On Jan 25, 8:53 pm, Dmitry Shintyakov <shintya...@gmail.com> wrote:
> Everybody, thank you for your attention to my little conjecture.
>
> First of all, I am grateful to Matt and David Bernier for pointing out
> that the conjecture is wrong.
> Actually, it was very hard for me to believe it.

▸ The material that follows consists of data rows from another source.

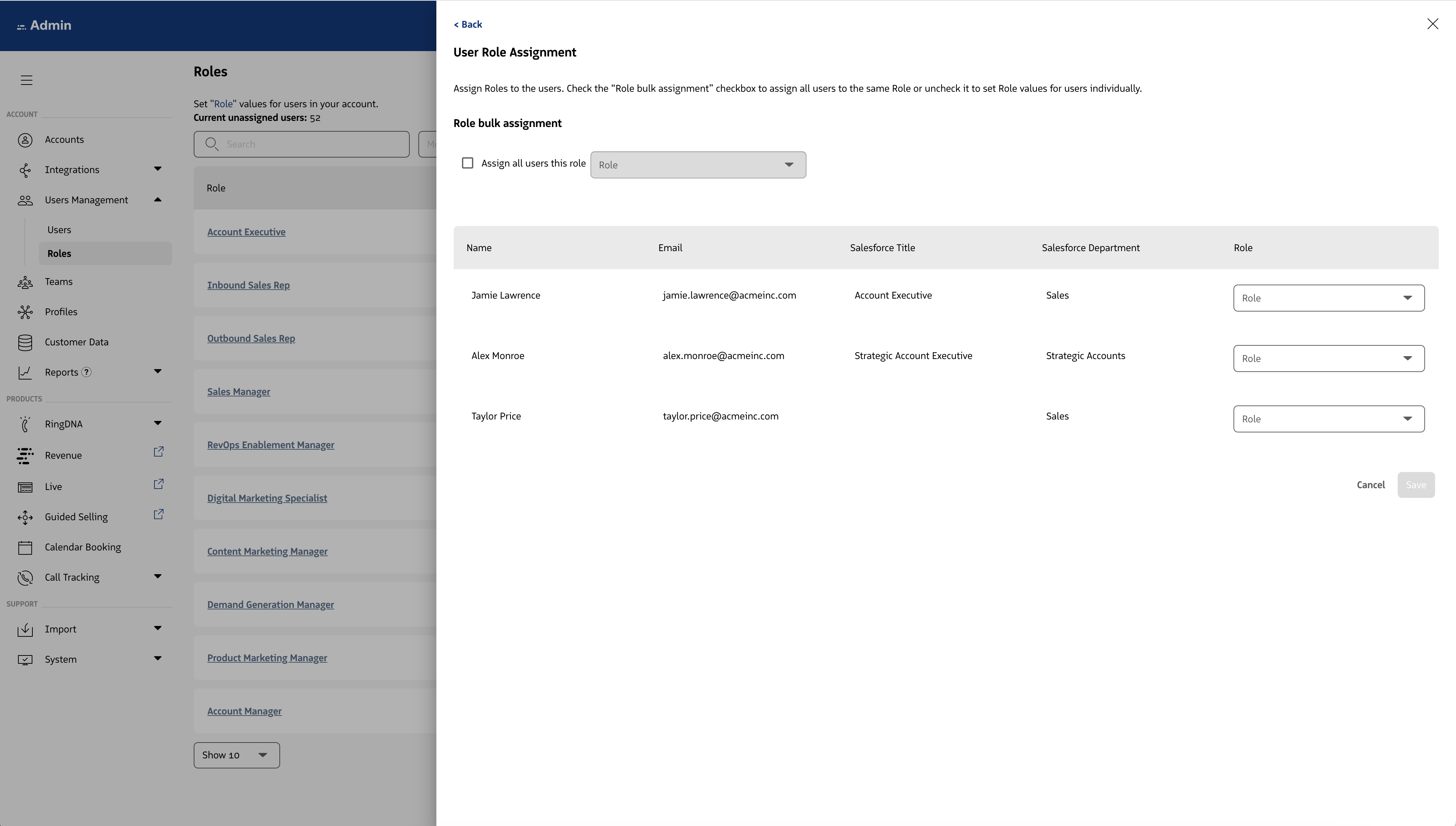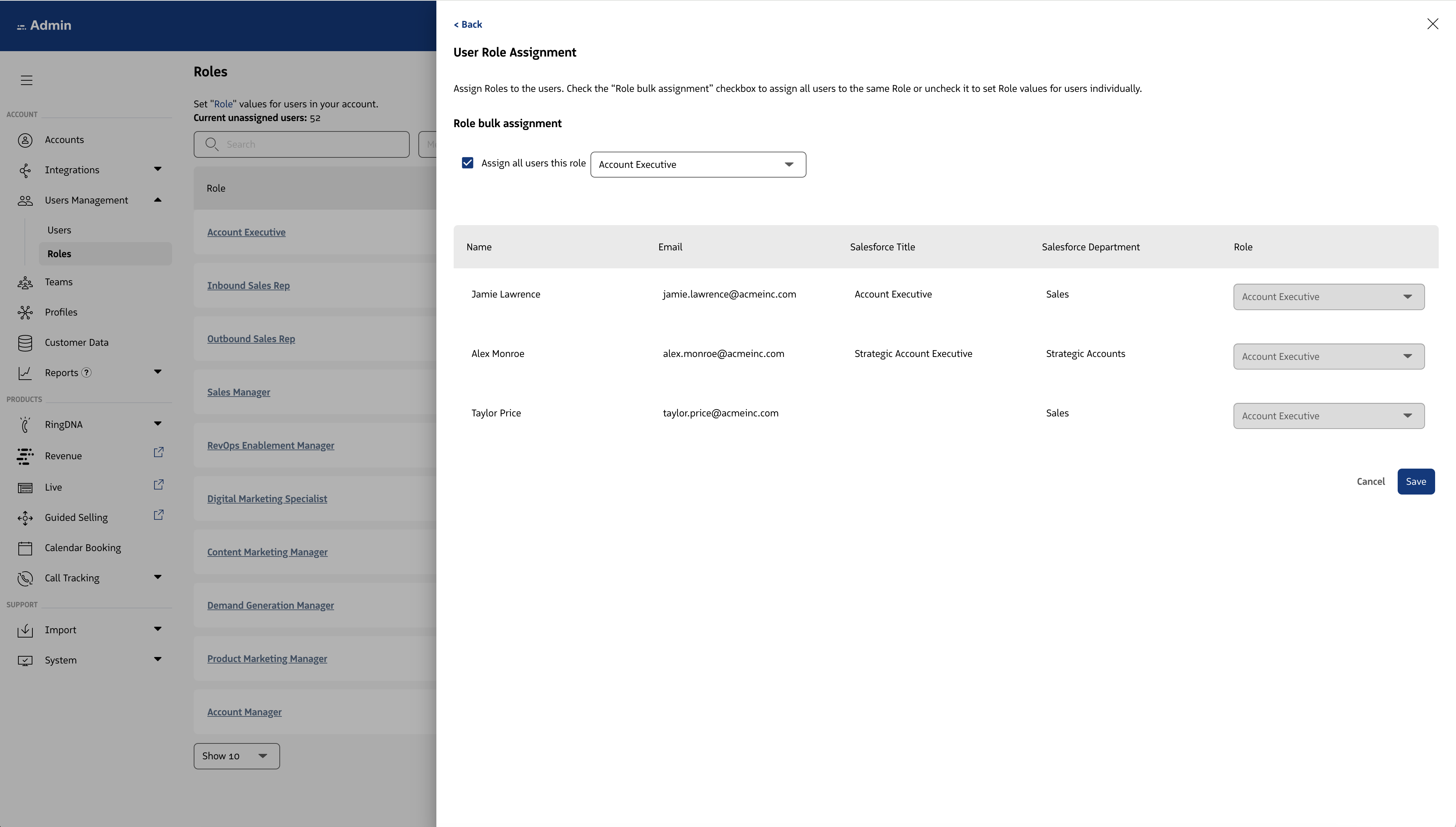 All users who are currently associated with a Salesforce Role will now be associated with the Revenue Role. On a go forward, any new Revenue User with a Salesforce Role that is created within the platform will assume the Salesforce Role based on the mapping set.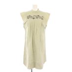 クロエ CHLOE フレアワンピース ひざ丈 ノースリーブ 刺繍 麻 リネン 38 黄緑 ライトグリーン /BB レディース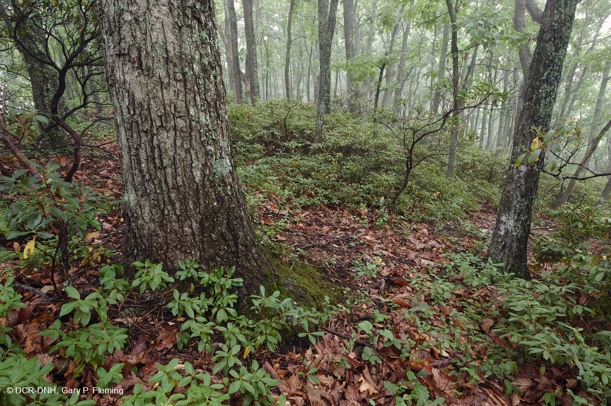 Rừng sồi hạt dẻ Trung Appalachian / Nội Piedmont trên sườn tây bắc của Núi Brushy phía trên Suối Carvin, Quận Roanoke. Cây bụi núi thường xanh (Pieris floribunda) thay thế cây nguyệt quế núi để trở thành cây bụi chiếm ưu thế trong khu vực này. © DCR-DNH, Gary P. Fleming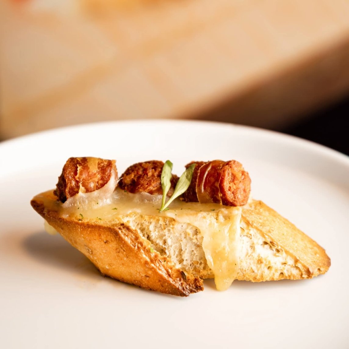 Queso manchego fundido y chistorra.

I played with this
> problem for a quite long time and the
> perfect double-precision match between x_max and 36*pi/127 completely
> convinced me that the match is exact.
>
> First I thought that there can be some software glitch and tried to
> repeat your calculations for x = 36*Pi/127 - 1E-54,
> using 2000-bit (600 decimal digits) floats (quite an overkill huh).
> And I have found no mistake.
>
> After few minutes of calculation, I have made logarithmic graphs of
> differential quotient at very small
> scales of dx (from 1E-200 to 1E-20), and this became obvious.
> Here they are:http://dmishin.blogspot.com/2009/01/36127-conjecture-failed.html
>
> This graph helped me to find better counter-example:
>
> x = 36*Pi/127 - 1.998e-29
>
> This gives f(x) - f(36*Pi/127) \approx 3.06E-32. It seems to be best
> approximation to x_max for now.

Yes, I belatedly ran my program again at a "higher resolution" and it
came up with the same x-value as I posted elsewhere in this thread a
while ago (and was subsequently extended by Robert Israel), namely

x = 0.8905302010175791857059461558702704369...

which differs from 36*pi/127 by, as you say, about 1.998E-29. My
program is not absolutely guaranteed to find the global maximum, but
based on my results I'm, let's say, about 75% confident that this
really is the best that can be achieved (to the given precision).